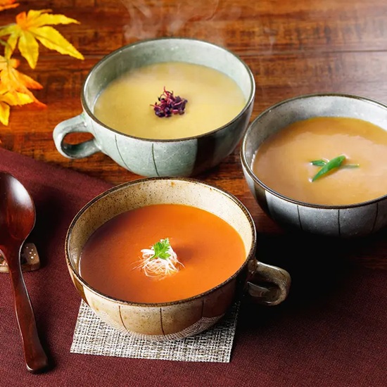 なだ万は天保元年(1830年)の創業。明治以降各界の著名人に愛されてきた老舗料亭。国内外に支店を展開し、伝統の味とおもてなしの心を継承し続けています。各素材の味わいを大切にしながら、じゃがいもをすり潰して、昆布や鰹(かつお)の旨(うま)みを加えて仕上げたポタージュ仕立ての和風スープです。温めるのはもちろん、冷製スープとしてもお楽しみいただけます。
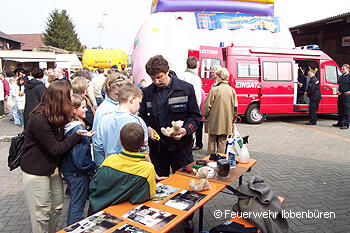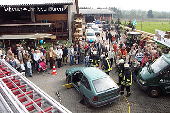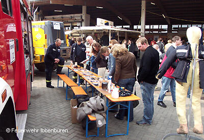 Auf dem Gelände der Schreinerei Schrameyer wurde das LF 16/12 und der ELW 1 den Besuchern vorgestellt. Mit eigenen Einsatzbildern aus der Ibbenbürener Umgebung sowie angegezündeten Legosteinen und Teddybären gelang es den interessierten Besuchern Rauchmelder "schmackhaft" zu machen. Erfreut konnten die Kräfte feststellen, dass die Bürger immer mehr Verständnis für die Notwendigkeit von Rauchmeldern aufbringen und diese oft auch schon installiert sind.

==

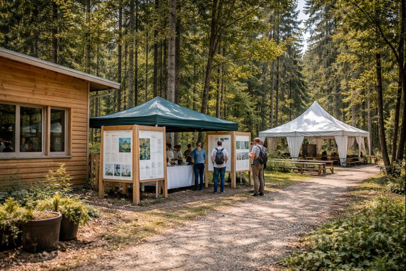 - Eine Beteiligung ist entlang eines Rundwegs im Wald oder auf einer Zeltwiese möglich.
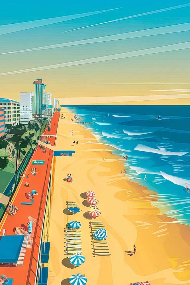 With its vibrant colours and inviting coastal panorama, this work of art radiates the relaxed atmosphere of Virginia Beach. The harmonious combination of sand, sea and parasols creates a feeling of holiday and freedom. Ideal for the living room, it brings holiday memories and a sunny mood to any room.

— Task directions —
Return the lines above from the one with "なだ万は天保元年(1830年" through the one with "Auf dem Gelände", verbatim and nothing else. Omit every picture.

— Reply to the task —
 なだ万は天保元年(1830年)の創業。明治以降各界の著名人に愛されてきた老舗料亭。国内外に支店を展開し、伝統の味とおもてなしの心を継承し続けています。各素材の味わいを大切にしながら、じゃがいもをすり潰して、昆布や鰹(かつお)の旨(うま)みを加えて仕上げたポタージュ仕立ての和風スープです。温めるのはもちろん、冷製スープとしてもお楽しみいただけます。
 Auf dem Gelände der Schreinerei Schrameyer wurde das LF 16/12 und der ELW 1 den Besuchern vorgestellt. Mit eigenen Einsatzbildern aus der Ibbenbürener Umgebung sowie angegezündeten Legosteinen und Teddybären gelang es den interessierten Besuchern Rauchmelder "schmackhaft" zu machen. Erfreut konnten die Kräfte feststellen, dass die Bürger immer mehr Verständnis für die Notwendigkeit von Rauchmeldern aufbringen und diese oft auch schon installiert sind.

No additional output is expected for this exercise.